People were hungry. Why be restrained? The opera started at 5 p.m., ended at 9:30, and everyone was ready to eat. Very cleverly, Pavilion Catering stayed away from anything heavy and formal. Instead, in a tribute to the three cultures represented in the opera, there were mini-buffets with pastries and hors d’oeuvres from France, corned beef and soda bread from Ireland and meat and vegetable pies from England. Also, appropriate music for each country.

Perhaps even more than the opening of the opera season earlier this fall, the first night of “Tristan und Isolde” was considered an event. The people you’d expect were there: performers William Johns, who played Tristan, and Jonathan Mack; Placido Domingo (who will be conducting “Macbeth,” which opens Friday) and his wife, Marta; Don Franzen, who besides being on the Music Center Opera board of directors, is Domingo’s attorney and married to Dale Wendal, who will be appearing as YumYum in the production of “The Mikado” next year; Esther and Tom Wachtell; Jack Metz, who consulted on the vocals; the Mark Taper Forum’s Gordon Davidson.

Other Noteables

But also in the crowd, and certainly the most vocally exuberant about the evening, were people like British poet Sir Stephen Spender, actress Katherine Helmond, media personages Jim Giggins and Gary Franklin, and a heavy injection of art types like Joan Quinn (a gold crown in her fuchsia-streaked hair making her look like one of Wagner’s heroines), Don Bachardy, the County Museum of Art’s Stephany Barron and Richard and Dee Sherwood, Hockney’s New York representatives Andre Emmerich and Nathan Kolodner.

For brand-name glitterati, this was a quiet night.
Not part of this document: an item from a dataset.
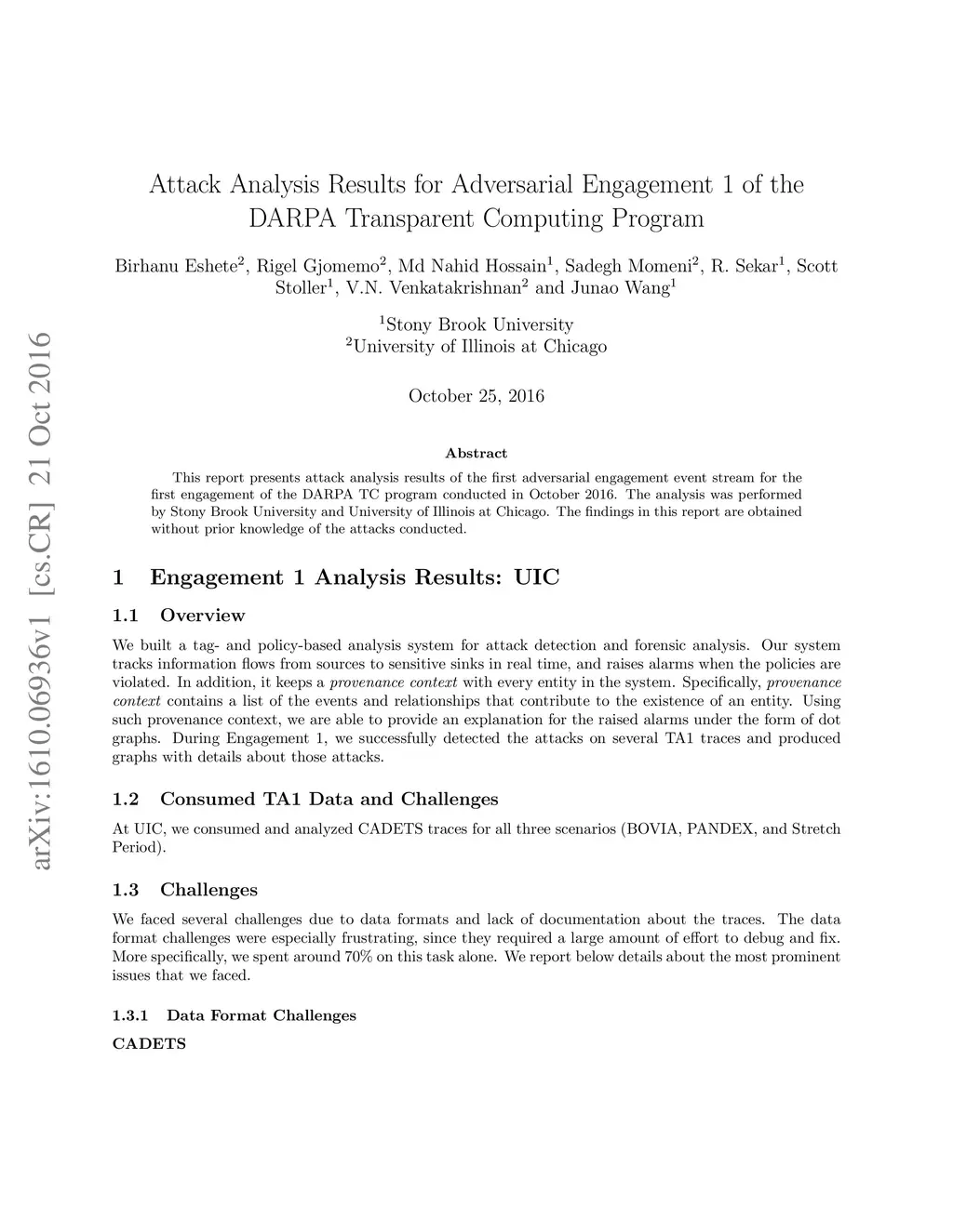 This report presents attack analysis results of the first adversarial engagement event stream for the first engagement of the DARPA TC program conducted in October 2016. The analysis was performed by Stony Brook University and University of Illinois at Chicago. The findings in this report are obtained without prior knowledge of the attacks conducted.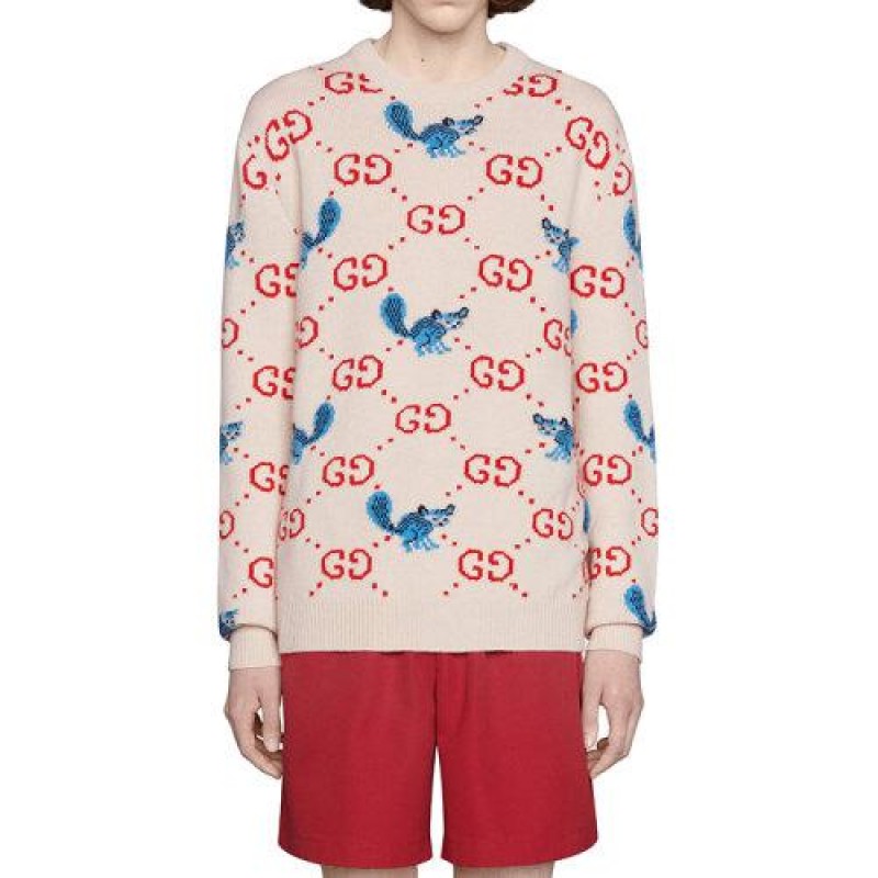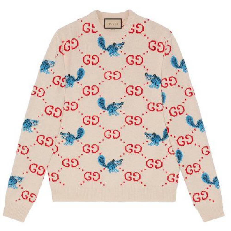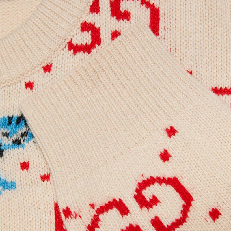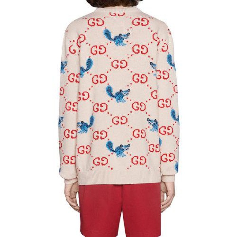 【包税】预订款1-2周 GUCCI/古驰 21年早秋新款 Freya Hartas系列 男士象牙色和红色动物印花羊毛毛衣661836XKBXX9275

Glamour, yes, but conservatively so. Only a few festive red ties with tuxedos and one or two fedoras; lots of black dresses, both long and short with gold and silver glitter; minimal jewelry, but lots of furs.

Probably the name most whispered was also the most conspicuously incognito. Mikhail Baryshnikov, pale and slight in black jeans and an unmemorable sports jacket over shirt and dark tie, slipped in moments before curtain. He fidgeted through all three acts, then raced out just as the final curtain closed. He did not appear at the party. He had a date, a friend said.